_ASSIGNMENT_
In the listing that follows, print every line exactly and leave the images out.

_DATA PROVIDED_
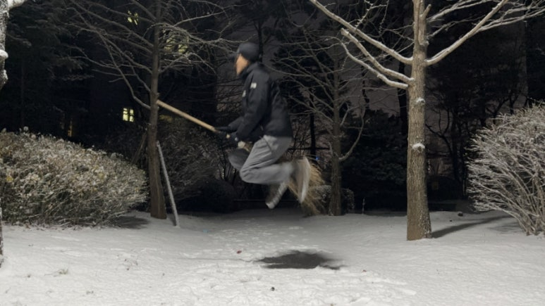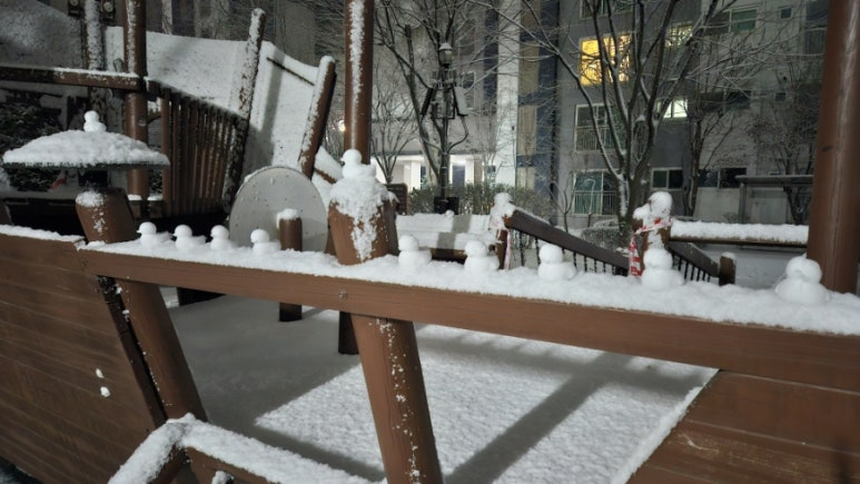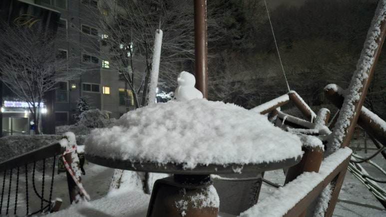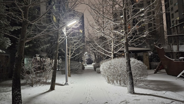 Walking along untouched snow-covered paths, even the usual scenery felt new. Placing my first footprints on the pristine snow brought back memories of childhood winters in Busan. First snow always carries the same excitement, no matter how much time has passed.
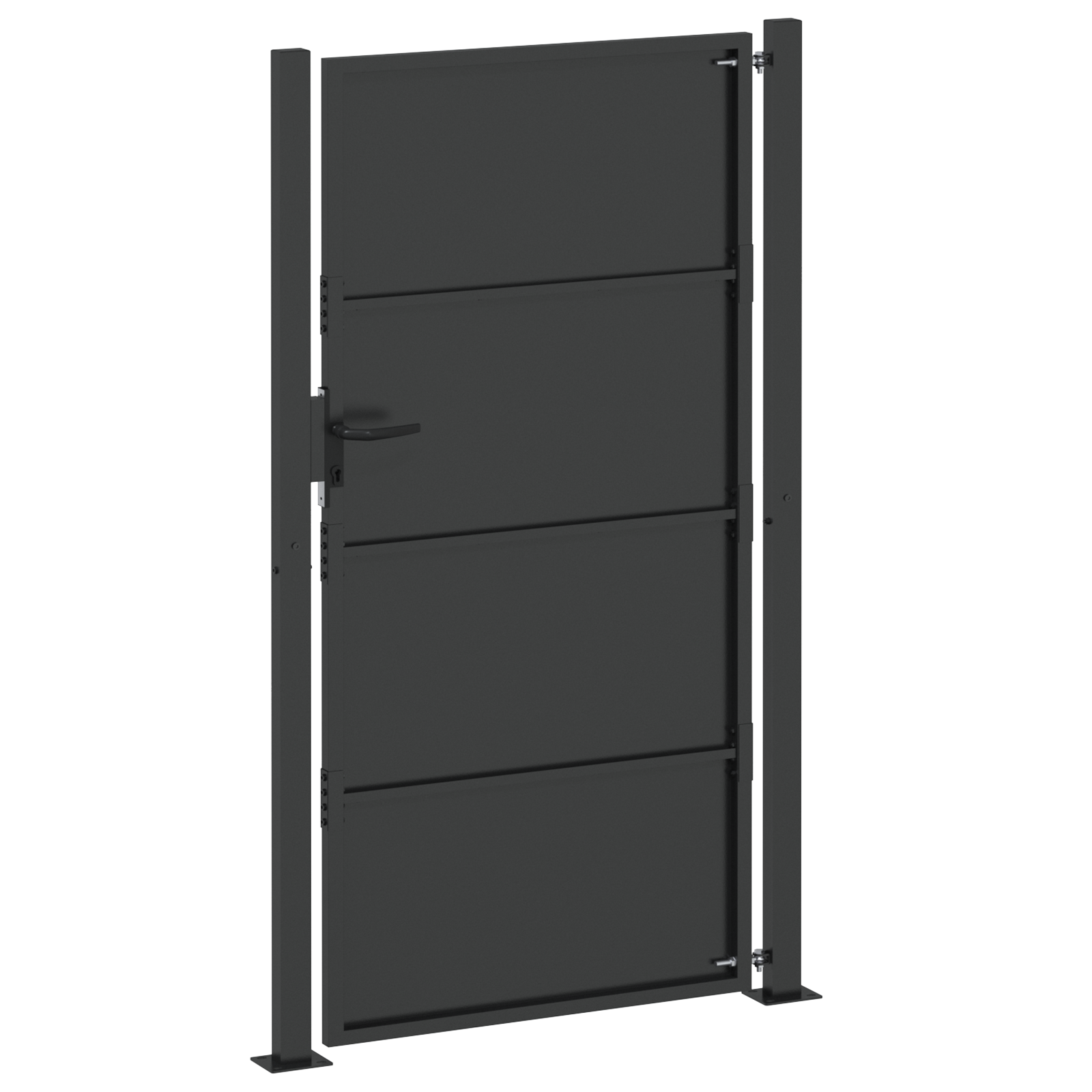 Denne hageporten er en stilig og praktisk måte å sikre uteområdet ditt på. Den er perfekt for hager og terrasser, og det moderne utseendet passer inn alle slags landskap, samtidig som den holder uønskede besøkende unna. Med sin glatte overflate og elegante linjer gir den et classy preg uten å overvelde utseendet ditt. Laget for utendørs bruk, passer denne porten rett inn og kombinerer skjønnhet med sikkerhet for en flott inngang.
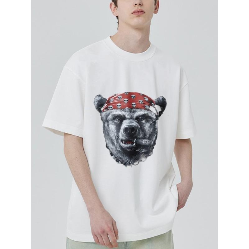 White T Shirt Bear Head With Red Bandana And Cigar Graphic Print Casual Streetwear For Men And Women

_RESULT_
 Walking along untouched snow-covered paths, even the usual scenery felt new. Placing my first footprints on the pristine snow brought back memories of childhood winters in Busan. First snow always carries the same excitement, no matter how much time has passed.
 Denne hageporten er en stilig og praktisk måte å sikre uteområdet ditt på. Den er perfekt for hager og terrasser, og det moderne utseendet passer inn alle slags landskap, samtidig som den holder uønskede besøkende unna. Med sin glatte overflate og elegante linjer gir den et classy preg uten å overvelde utseendet ditt. Laget for utendørs bruk, passer denne porten rett inn og kombinerer skjønnhet med sikkerhet for en flott inngang.
 White T Shirt Bear Head With Red Bandana And Cigar Graphic Print Casual Streetwear For Men And Women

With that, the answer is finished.